Капитан-Командор помолчал, подбирая слова.

— Команда личной охраны правительства союза планетарных колоний. Великий Магистрат — подходящее сокращенное наименование. Базируется на маленькой одноименной планете, в охране особо не нуждается, поскольку не очень кому-то нужен. Это так, «для красоты» и от излишнего апломба. Для начала они забрали меня с моей планеты, Ледниковой Звезды, когда я еще только сформировался…

— Что?! — в один голос переспросили Тим и Герман.

— Ну, получился… как еще сказать? Мы не рождаемся, как вы, нас «лепят» звезды, сгущая свою энергию, когда договорятся о необходимом результате. Сначала — в виде младенцев, потом, по мере роста, что-то добавляют, в зависимости от того, что нужно получить. У нас «пластичные» организмы, они могут на протяжении всей жизни меняться, подстраиваясь под среду обитания. Живем мы, кстати, долго. Мои двое братьев пережили не по одному поколению своих армий. Мы по ряду параметров идеальные воины, нас хотят получить для своей защиты разные сообщества и все по-своему пытаются заинтересовать… Великие Магистры меня забрали, не спрашивая, и растили, как считали нужным. Они сразу подобрали будущую гвардию, похищая подходящих с их точки зрения детей с разных планет. Больше с Земли. Мы росли вместе, я — сразу как командир, они — Ветры, моя команда. Несколько лет. Потом обо мне узнали Белый и Черный Командующие, такие же, как я, продукты творчества Ледниковой и Каменной звезд, они выяснили, что натворили Великие Магистры, и заставили их снять с меня все ограничения свободы. С того момента я уже редко бывал в Великом Магистрате. Вселенная огромна и прекрасна. Однажды я отправился на Землю… Находясь в сжатом пространстве, обнаружил, что важнейшая часть моей машины испорчена, устранить поломку не успел. Вот так.
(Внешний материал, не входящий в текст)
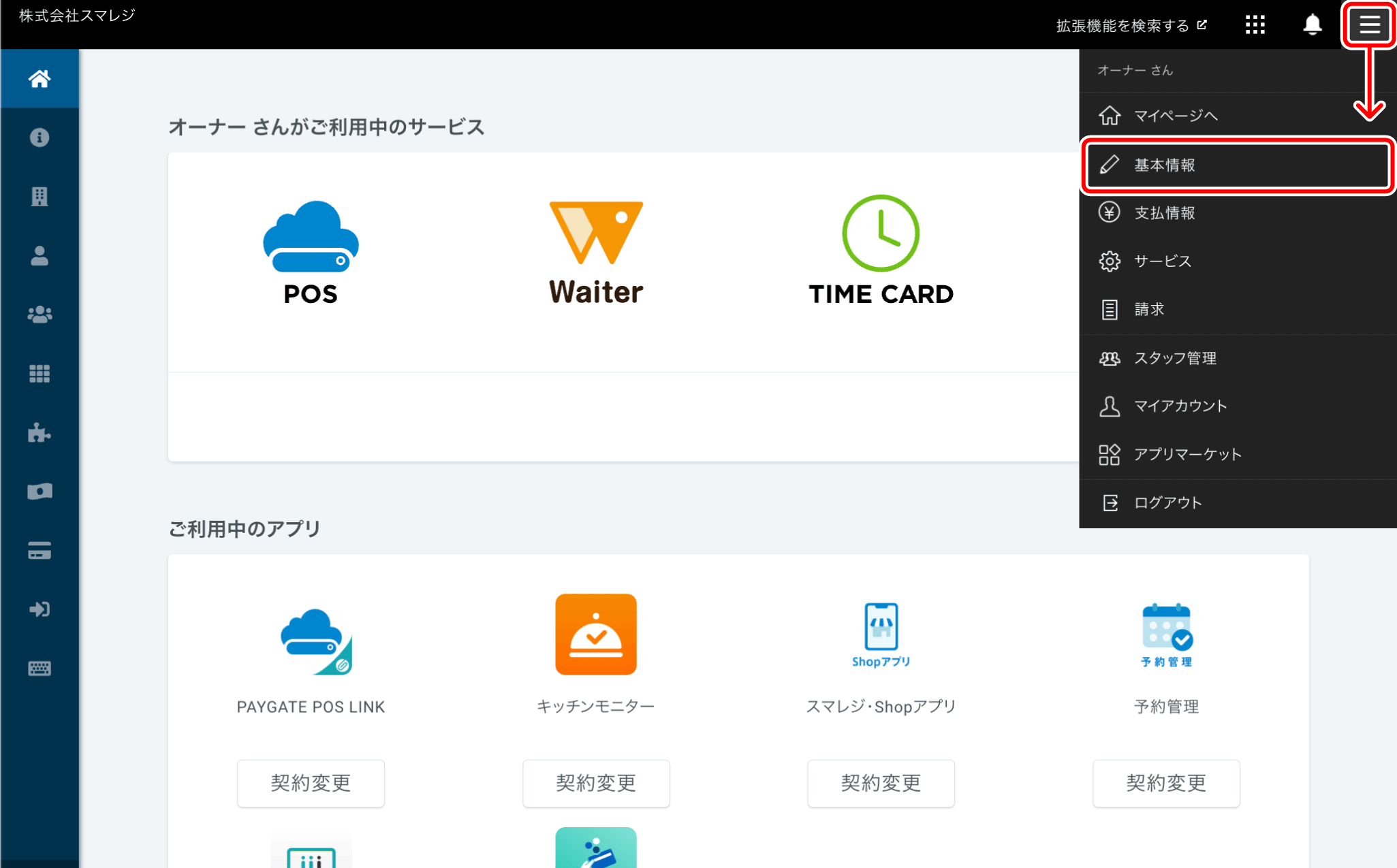 『管理画面右上の【≡】 > 基本情報』をクリックします。 -

Что касается бога…

Тим заметил, что его бьет озноб, и, подняв руку, мотнул головой. Такая информация даже для него, давно не отличавшего удивительное от обыденного, оказалась чрезмерной. Герман, которому тоже стало не по себе, разжег огонь под чайником. Он понимал, насколько трудно Тиму вместить в себя эти новости сразу, ведь даже его привычный к восприятию нового мозг подал сигнал «хватит!». Капитан-Командор послушно молчал. Он видел, что несколько болезненное состояние его друзей вызвано не страхом или отвращением, а лишь информационной перегрузкой, и ждал, пока они восстановят равновесие.

— Потом продолжим, — сделав несколько глотков, предложил Тим. — А то как бы еще кто-то неподготовленный не подслушал. Уйдем куда-нибудь.
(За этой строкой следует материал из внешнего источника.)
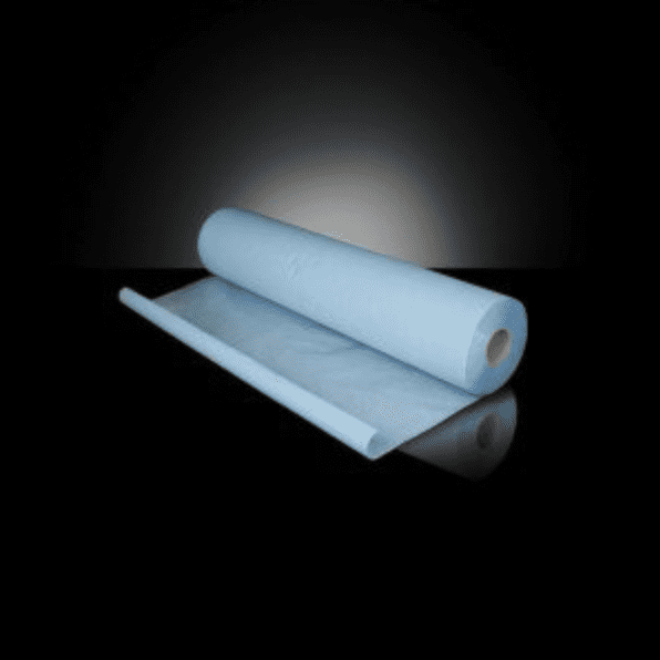 Engangsunderlag laget av preget papir dekket med plastikk belegg.

Герман кивнул и вызвал из форта Кирилла с Артемом, время дежурства которых еще не подошло.

— Где твоя машина? — снова спросил он.

— Не знаю, — ответил Капитан-Командор. — Когда я вернулся из Владивостока, ее уже нигде не было. Наверное, Королева спрятала.

— Кстати, — проглотив обжигающий чай, заметил Тим, — все завязано на Королеву. Наш микромир организовала она. Что она думает о твоих воспоминаниях?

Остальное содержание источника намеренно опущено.